Yes, wonderful catch!! The light has a slight greenish cast here, when I would expect more reddish for early morning. I think it could be corrected with the slightest tweak. Here’s a guesstimate, reducing greens and blue in the highlights and adding red – done with the upper right corner of a Curves dialog. Not perfect but gets the idea across. Better done in raw. I love the blues in the shadows and boosted them back up with the LL corner of the Blue channel in the curves.
@Ronald_Murphy and @Diane_Miller thanks for your input and suggestions. At the end I decided to go a different route to deal with the color cast, posted above.

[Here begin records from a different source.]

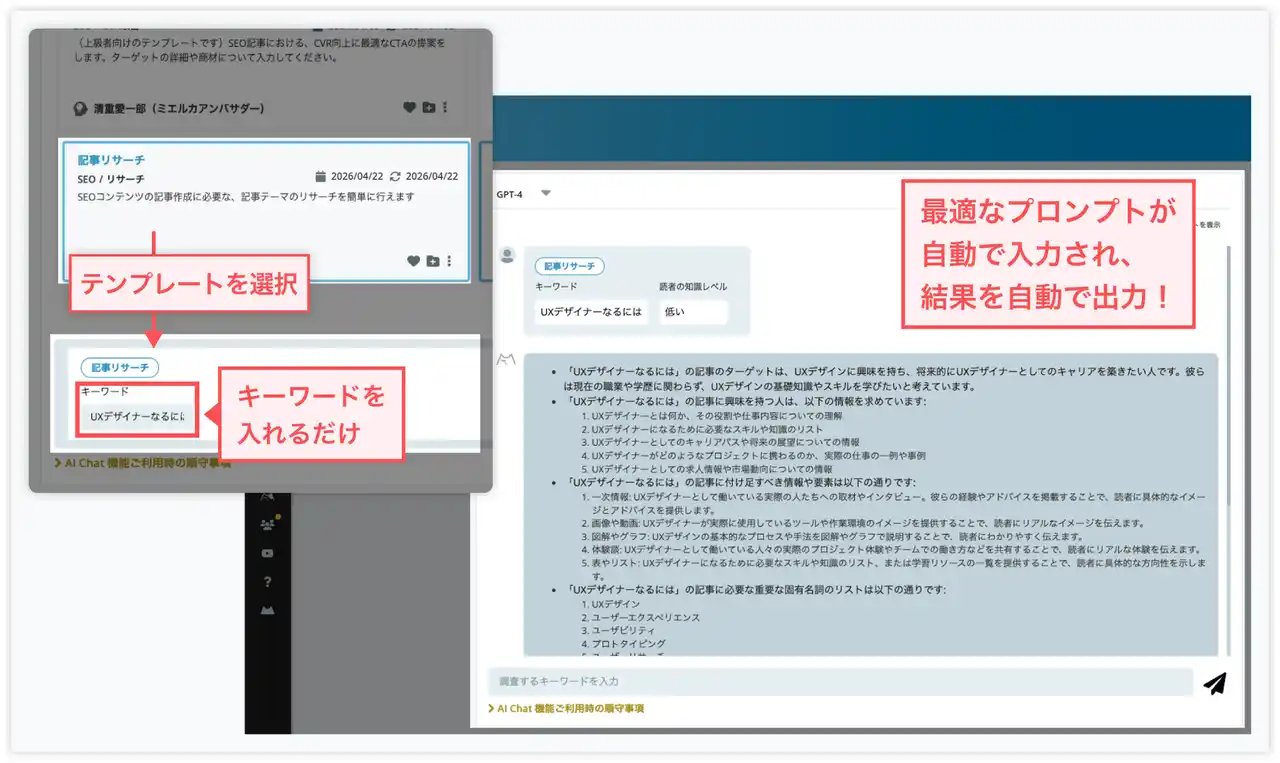 | 入力内容をテンプレートとして保存し、繰り返し利用することが可能です。ユーザーは同じプロンプトを毎回入力する必要なく、一度作成したテンプレートを使用して効率よく作業を進めることができます。また、社内の他のユーザーにもプロンプトのテンプレートを共有できるので、全メンバーが効率的に作業を進められます。 | |||||||||
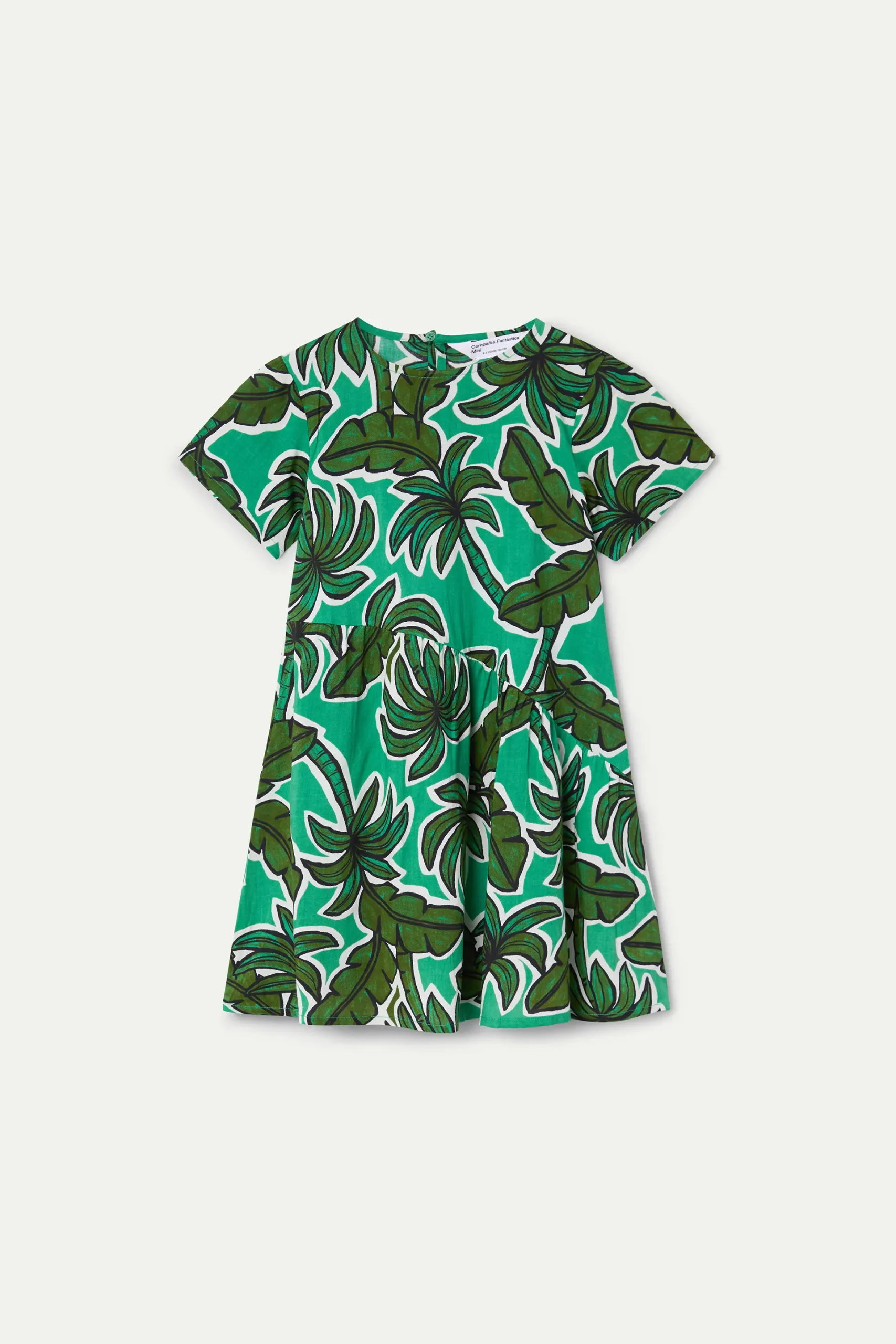 Vestido corto de niña con estampado palm tree. Cuello redondo y manga corta. Detalle de asimétrico. La modelo mide 135 cm y lleva la talla 8-9 años.
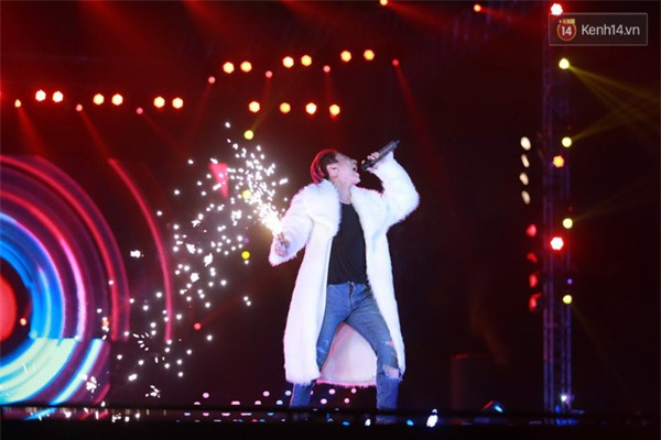 Sơn Tùng khoác áo lông trắng thay vì diện chiếc áo lông đỏ đã gây nhiều bàn tán trong liveshow tại Sài Gòn

I like the black and white treatment as it brings out the feather detail nicely. Nice pose and good eye contact. How about a combination of the two, where the eye and beak are in color?
Very beautiful composition, David. My personal preference would be to work it for the proper early morning color. To me the B&W loses something in this one. It’s too sweet a moment for the cooler tones of B&W.

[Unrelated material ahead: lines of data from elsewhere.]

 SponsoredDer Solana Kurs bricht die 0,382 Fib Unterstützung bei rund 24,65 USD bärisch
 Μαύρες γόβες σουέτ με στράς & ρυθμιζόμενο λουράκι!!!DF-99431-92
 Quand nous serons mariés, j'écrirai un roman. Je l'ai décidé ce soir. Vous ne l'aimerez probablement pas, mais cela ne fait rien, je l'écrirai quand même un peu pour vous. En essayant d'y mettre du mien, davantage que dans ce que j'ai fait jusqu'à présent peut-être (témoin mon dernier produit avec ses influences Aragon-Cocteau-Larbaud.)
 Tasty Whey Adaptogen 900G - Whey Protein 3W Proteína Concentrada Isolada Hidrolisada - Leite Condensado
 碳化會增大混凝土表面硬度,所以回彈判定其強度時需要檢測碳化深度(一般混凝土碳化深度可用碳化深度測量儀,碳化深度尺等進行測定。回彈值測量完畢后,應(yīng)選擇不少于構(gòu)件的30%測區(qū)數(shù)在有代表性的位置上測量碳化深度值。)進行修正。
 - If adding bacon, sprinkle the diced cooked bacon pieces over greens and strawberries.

Hey great to see you David. Hope you’ve been having a grand time out and about. LOVE the texture and pose. So bendy and floofy. I know dealing with color isn’t easy for you, so I took a stab.
All I did was bring it into Adobe Camera Raw and used the eyedropper to select the brightest white bit and hit auto - it came up with what looks to be a good white balance to my eye. Then I ran a Lights 2 mask in TK9 and put the layer into a multiply blend mode and set the opacity at about 50%.
I love the drama in this - that black background is so right, this bird is putting on a show. Thought about adding some warmth back in, but decided I like it like this. Of course it’s all subjective.
I usually have the best result with early/late color with Daylight WB, then maybe some lowering of saturation. That could be variable with different raw converter’s various color profiles.
HI Diane, thanks for the note. I appreciate it. I have a set of white balance presets from 4900 to 5500 with the tint slider set to 0. The hope was that I would not have to deal with any color cast issues. The first image I posted was at 5400 tint 0. The final image using an WB picker (eye dropper) on the bird was 5121 and tint 7.1 towards magenta to counteract the green cast. So clearly even with a daylight WB I can run into some cast issues. Funny because in the past most color film was set for daylight WB and you couldn’t do anything about the slides or prints before photoshop. Anyway, I will go back to using the WB Picker and dropping some RGB color readouts on the image before posting. Hopefully that will help.